Dan Simmons’ The Terror

In 1845, two ships, the HMS Erebus and HMS Terror, set out from Britain as part of a naval expedition to discover and chart the Northwest Passage, a sea route connecting the Atlantic and Pacific Oceans via the Arctic Ocean. The expedition was led by Sir John Franklin, a veteran of the Arctic, and comprised 129 men provisioned for up to five years. They were never heard from again. Subsequent rescue expeditions turned up neither the ships nor surviving crew, but evidence of a frightening fate: corpses ravaged by scurvy, frostbite and starvation, as well as deep cutting marks on the bones suggestive of cannibalism. Not until the last five years have Arctic researchers, equipped with sophisticated sonar and diving gear, managed to locate the final resting place of both ships, but their discovery has done little to dispel the mystery surrounding the expedition or the fate of its crew. No doubt that sense of mystery was what first attracted American author Dan Simmons to the story, when he happened across it in a footnote and decided to concoct his own nightmarish fate for Franklin’s men. The resulting book, The Terror, melds historical reality with Inuit myth, producing not only a harrowing thriller but a frightening look at human behaviour when food is scarce and death is near.

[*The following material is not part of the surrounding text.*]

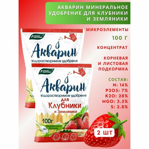Удобрение Акварин водорастворимый "Для клубники и земляники", 100 г, 2 шт.

A confession, before I begin: I had never heard of Dan Simmons, or his novels, prior to watching the first episode of AMC’s adaptation of The Terror, and it was on the strength of that pilot episode – and my determination not to ruin the novel by finishing the television series first – that I raced to my local bookstore. The novel begins two years into the expedition, when both Terror and Erebus have been trapped in unrelenting pack ice for nearly two years. Simmons does a masterful job evoking this extreme setting: the bone-chilling cold, the oppressive whiteness of the landscape, and the constant background noise of the pack ice pushing against the exterior of the ships, stressing the thick oak planks and metal bands that are all that separate the crew of the two ships from crushing doom. “In this cold,” Simmons tells us, “teeth can shatter after two or three hours – actually explode – sending shrapnel of bone and enamel flying inside the cavern of one’s clenched jaw.” Deadlier even than the elements, however, is a monster that stalks the men night and day, picking them off one at a time; larger and faster and more cunning than any predator they have ever encountered, it seems impervious to bullets and shotgun pellets, and fixated not only on killing the crew but on tormenting them as well: at various points, it leaves the dismembered bodies of its victims in plain sight, or mixes one man’s lower body with another’s torso.

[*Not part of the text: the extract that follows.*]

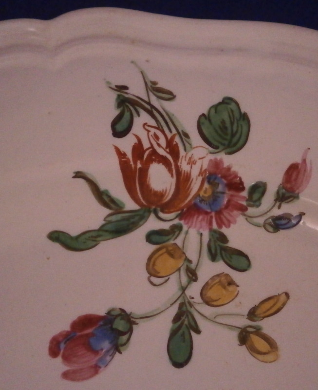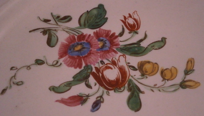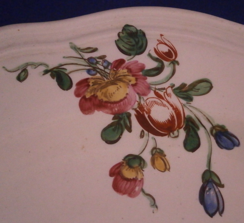 This is a nice plate made by Doccia / Ginori in about 1770. It is hand painted with three nice sized floral arrangements as well as some smaller single flowers. Nicely done in their typical style of the period and the plate has a relief design along the edge which makes it quite elegant. The plate is made with a tin glaze to cover the not so white porcelain paste of the time. This was used around 1770. The plate is in perfect condition with almost no evidence of use which is rare. It is marked only with a green number 10 as shown but that is normal during this period. The piece is 1 inch tall and 9.125 inches in diameter. Please email me for more information or other pictures.

Simmons tells his story from multiple perspectives, with each character based on a living counterpart from the actual voyage. There are the captains, James Franklin – an arrogant teetotaler, less popular with the men than he images – and Francis Crozier, an alcoholic Irishman whose nationality has stymied his progress up the ranks of the Royal Navy, as well as a doctor, Harry Goodsir, and a handful of crewmen of varying ranks. Our sympathies, as readers, are plainly meant to lie with Francis Crozier, the man responsible for keeping his crew alive in the face of pitiable odds, and by giving us multiple perspectives, as well as retrospective episodes that shed light on the characters’ fates, we glimpse an impending mutiny long before the officers do. This structure, involving multiple narrative perspectives across varying timelines, gives Simmons total control over his plot, and like a master storyteller he exploits every angle to create the maximum of suspense and tension.

Simmons is unabashedly a genre writer, having written some 30 books spanning science fiction, horror, biography, fantasy and history, but unlike so many genre writers, who rely on plot to interest the reader and distract from a dull prose style, he writes with genuine attention to rhythm and a metaphorical inventiveness rivalling any of his contemporaries. In researching him, I stumbled across his blog, where I learned that, aside from being an accomplished writer, he has decades of experience teaching the craft – something very evident in his “Writing Well” section, where he supplies insights culled from a lifetime of not only writing but reading, and reading at a very high level: Hemingway, Proust, Henry James, and my hero, William H. Gass. In other words, I am deeply, deeply impressed by Dan Simmons, and hopeful that his newfound television presence will lead others to discover his writing.